Fig. 9.. Endothelial DR5 favors metastatic spread.

(A) mRNA expression of Tnfrsf10b in cells sorted from perfused lungs of tumor-free WT mice. (B) FACS analysis of DR5 protein on lung BECs from tumor-free induced EC-specific DR5 WT (EC^W/W) or KO (EC^ΔDR5) mice. (C and D) Number of ink-contrasted lung metastasis 12 days after i.v. injection of E0771 cells in induced ubiquitous DR5 WT (R26^W/W) or KO (R26^ΔDR5) (C) or EC^W/W and EC^ΔDR5 mice (D). (E and F) mRNA expression of dLNGFR in perfused lung tissue after i.v. injection of E0771-dLNGFR cells in induced EC^W/W, EC^ΔDR5, EC^ΔT10, or EC-specific TRAIL and DR5 double KO mice (EC^ΔT10ΔDR5) mice. Figure 3I previously showed dataset relative to EC^ΔT10. (G to L) FACS analysis of the percentage of dead BECs (G and H), immune cells (I and J), and neutrophils (K and L) in perfused lungs from tumor-free induced EC^W/W, EC^ΔDR5, or EC^ΔT10ΔDR5 mice. Figures 6H and 7 (O, P, S, and T) previously showed datasets relative to EC^ΔT10. (M) mRNA expression of indicated genes in lung ECs sorted from tumor-free induced EC^W/W and EC^ΔT10ΔDR5 mice. (N) Protein levels of DR4 and DR5 in WCE, intracellular, or surface fractions in quiescent HUVECs. VE-cadherin is the representative surface protein. (O) Co-IP of DR5, TRAIL, or IgG control in quiescent HUVECs. Input = WCE. (P) Proximity ligation assay (PLA) between TRAIL and DR5 (red), VE-cadherin (green), and Hoechst (blue) in HUVECs. Scale bar, 10 μm. (Q and R) FACS analysis of extracellular DR5 protein on lung BECs from induced EC^W/W and EC^ΔT10 mice. In (R), anti-CD31 (αCD31)–conjugated LNP/empty or anti-CD31–LNP/Trail (8 μg per mouse) was injected i.v. 48 and 24 hours before cancer cell injection, and statistical significance was calculated by one-tailed unpaired t test. ΔMFI = MFI_stained − MFI_FMO. All graphs show means ± SEM. **P < 0.01; ***P < 0.001; ****P < 0.0001.

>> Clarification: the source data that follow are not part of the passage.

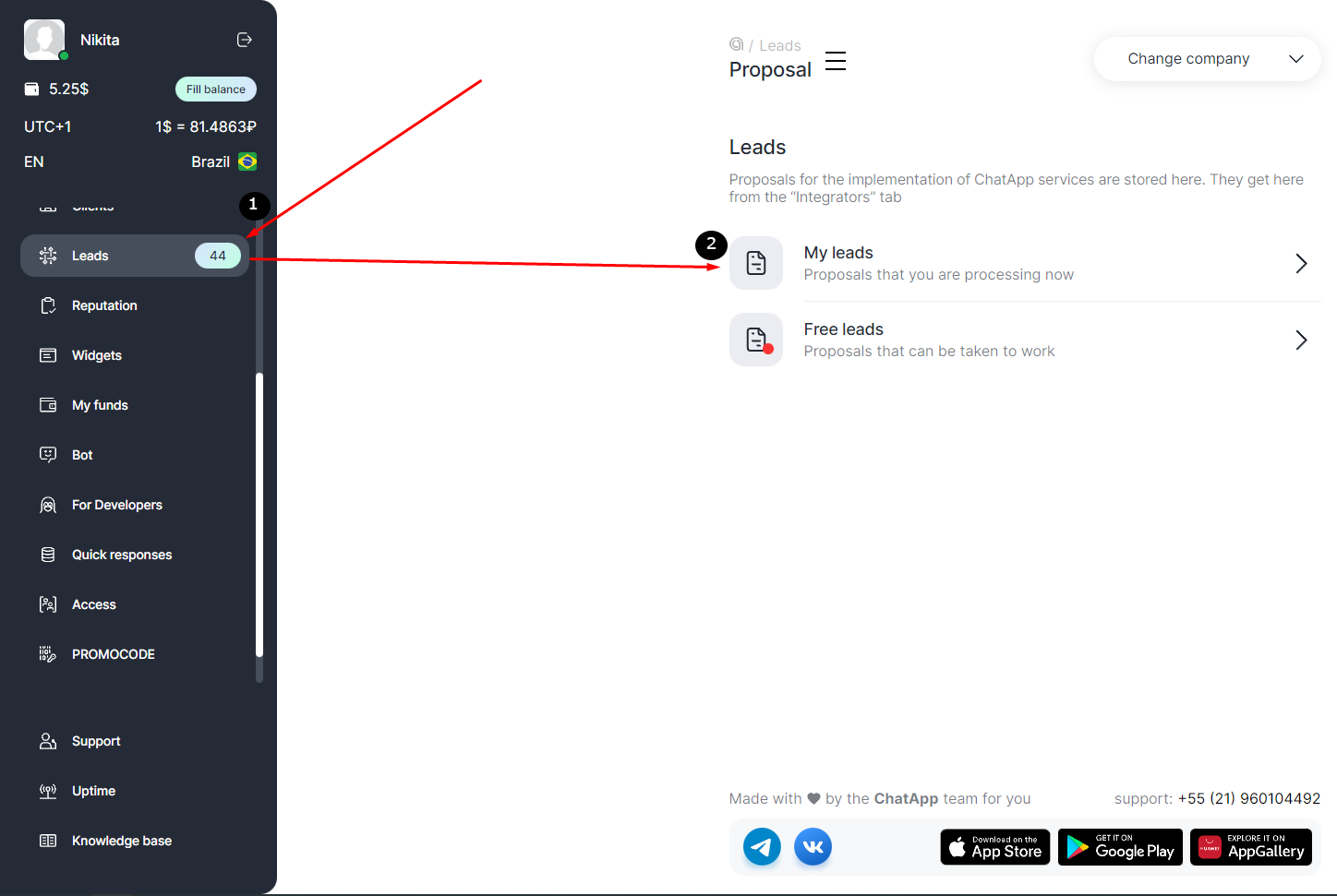 - All further work with the application is carried out in the section «My leads».
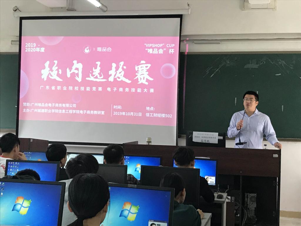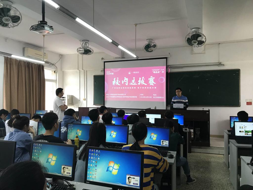 2019年10月31日下午,由信息工程学院电子商务教研室承办的2019-2020年度广东省职业院校技能大赛电子商务赛项“唯品会杯”校内选拔赛在信工财经楼503成功举行,本次选拔赛共有15支队伍合计60名学生报名参赛。
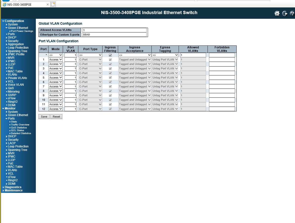 Камеру проверял в таком же коммутаторе, в рабочие порты вставлял, до заводских настроек сбрасывал. Прикрепил настройки Port, Green Ethernet, VLAN.
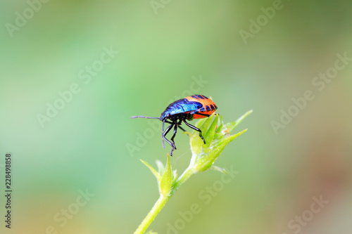 © YuanGeng, Naklejka premium black stinkbug larvae on green leaf
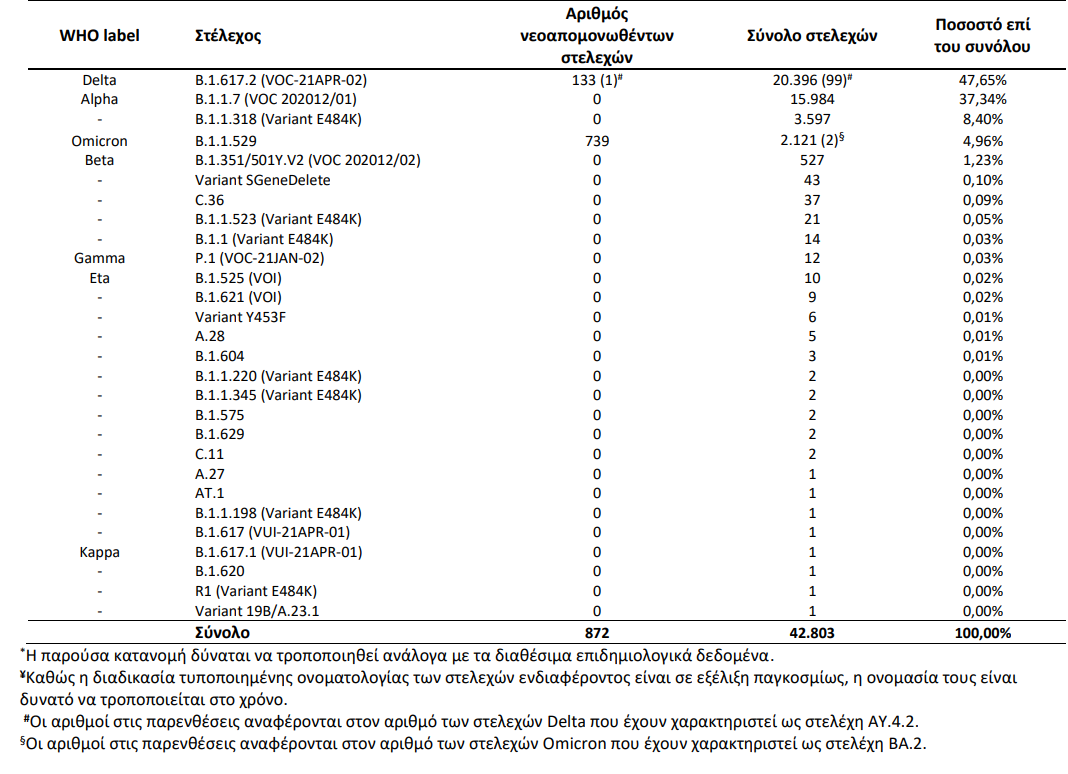 Εκ των 872 δειγμάτων με στελέχη ειδικού ενδιαφέροντος, τα 739 αφορούν στο στέλεχος Omicron και τα 133 αφορούν στο Delta.
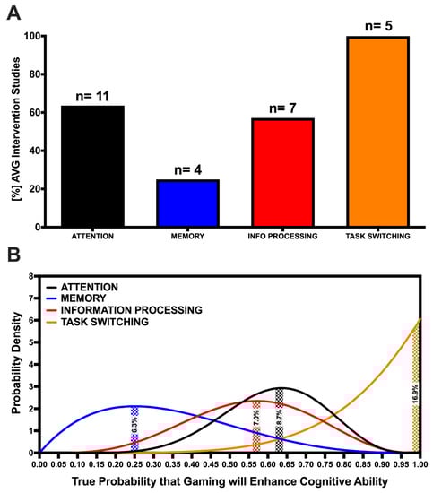This percentage provided an observed estimate of the success rate for an AVG intervention to improve a given cognitive ability, or, in the case of group studies, the success rate for a group study to demonstrate superior cognitive performance of AVGPs compared to NGs. However, the reliability of this success rate estimate can fluctuate based on the number of studies included in its calculation. In order to assess the confidence that a calculated success rate represents the true success rate, we also calculated the probability that the observed success rate represented the true success rate given the included studies. This metric allows for a more informed comparison of the estimated success rates among AVG intervention (or group) studies across the cognitive abilities, where the number of studies contributing to the success rate for each cognitive ability differ. We used a Bayesian approach to calculate this probability, p(A|Data), according to Equation (2), where p(A) represents the prior probability that the true success rate is a given value, p(Data|A) is the probability of observing the number of positive effects out of the number of total studies given the true success rate, and p(Data) is the probability of observing the number positive effects out of the total number of studies [].
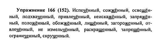 Решения домашних заданий по русскому языку 7 класс Пименова С.Н., Еремеева А.П., Купалова А.Ю. 166(152) упражнение
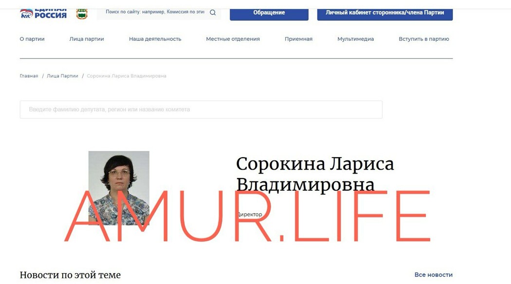 Информация о том, какие должности занимала Лариса Сорокина в региональном отделении, уже исчезла с сайта «Единой России». Теперь о ней осталась лишь короткая заметка.
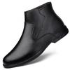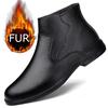 Bottes montantes en cuir pour homme, style Chelsea anglais, à bout rond, en peluche, style business, tendance, hiver, chaussures décontractées en cuir véritable
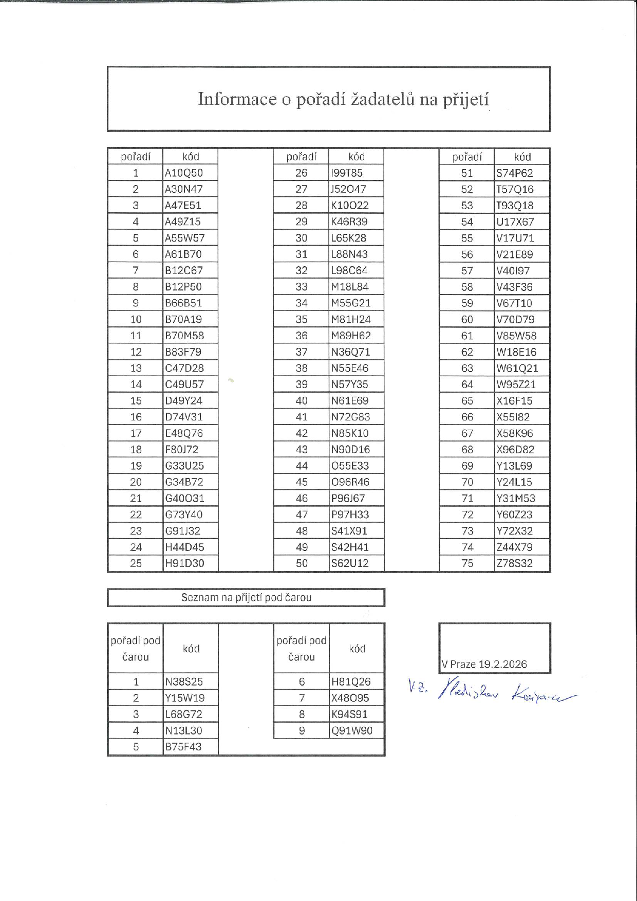 Níže uvedená informace obsahuje aktuální pořadí nepřijatých žadatelů pod čarou
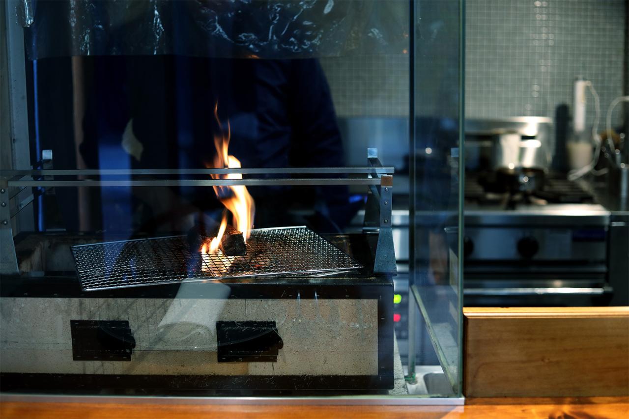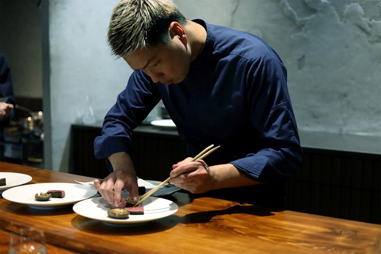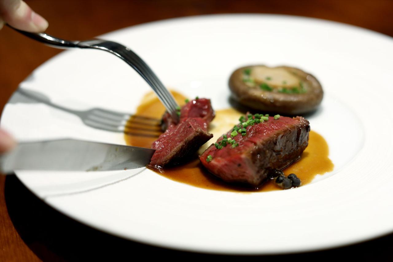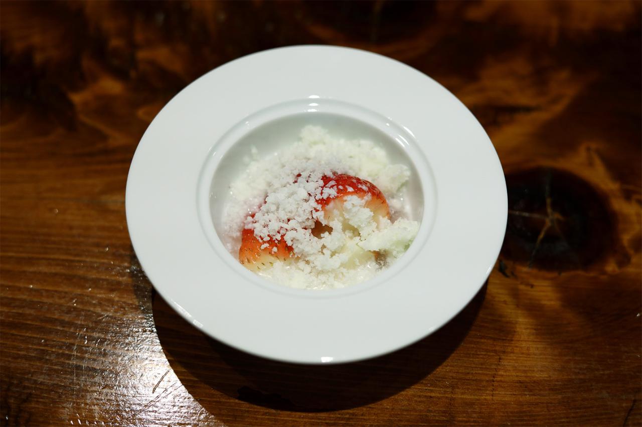 メインディッシュ、最後の一皿は山口県岩国産の高森和牛の炭火焼き。静岡産の肉厚な椎茸・玉取茸(たまどりだけ)のムニエル風、生胡椒と一緒にいただく。みずみずしくてシャキッと甘く、とてもきれいな味のお肉は、ミートスペシャリストとして知られる肉職人、沼本憲明さんの手によるもの。肉の旨みを最大限に引き出すと言う独自のカット技術は、世界的にも“沼本カット”と呼ばれてるそう。

Fig. 10.. Endogenous TRAIL DcRs favor metastatic spread.

(A) Number of ink-contrasted lung metastasis 12 days after i.v. injection of E0771 cells in constitutive DcR1/2 WT (Dcr1/2^+/+) and KO (Dcr1/2^−/−) mice. (B and C) mRNA expression of Tnfrsf23 (DcR1) (B) and Tnfrsf22 (DcR2) (C) in ECs, NK cells, CD8⁺ T cells, and neutrophils sorted from perfused lungs of tumor-free WT mice. (D) Number of ink-contrasted lung metastasis 11 days after i.v. injection of E0771 cells in chimeras obtained from the reciprocal bone marrow transplantation of constitutive DcR1/2 WT (Dcr1/2^+/+) and KO (Dcr1/2^−/−) mice. Arrows indicate genotypes of the bone marrow donor → recipient mice. (E and F) Graphical abstract. (E) Steady-state, high TRAIL in ECs. In steady state, endothelial TRAIL holds DR5 intracellularly and prevents its activation in quiescent ECs, thereby supporting cell survival, quiescence, and a resting anti-inflammatory/antiadhesive state. Together, this ensures the stability of the vascular barrier. (F) PMN, low TRAIL in ECs. Tampering with TRAIL in the PMN by transcriptional down-regulation in response to tumor-derived factors (i.e., VEGF-A, PlGF, and others) or by DcR-mediated entrapment liberates DR5. The increased availability of DR5 at the cell surface is sufficient to trigger its activation in a ligand-independent manner. As a result, vascular integrity is compromised by the occurring EC apoptosis and NF-κB/p38–mediated stickiness, favoring immune cell recruitment and ICAM1/E-Selectin–mediated cancer cell adhesion. Together, this process promotes cancer cell dissemination and metastasis in distant organs. All graphs show means ± SEM. *P < 0.05; **P < 0.01.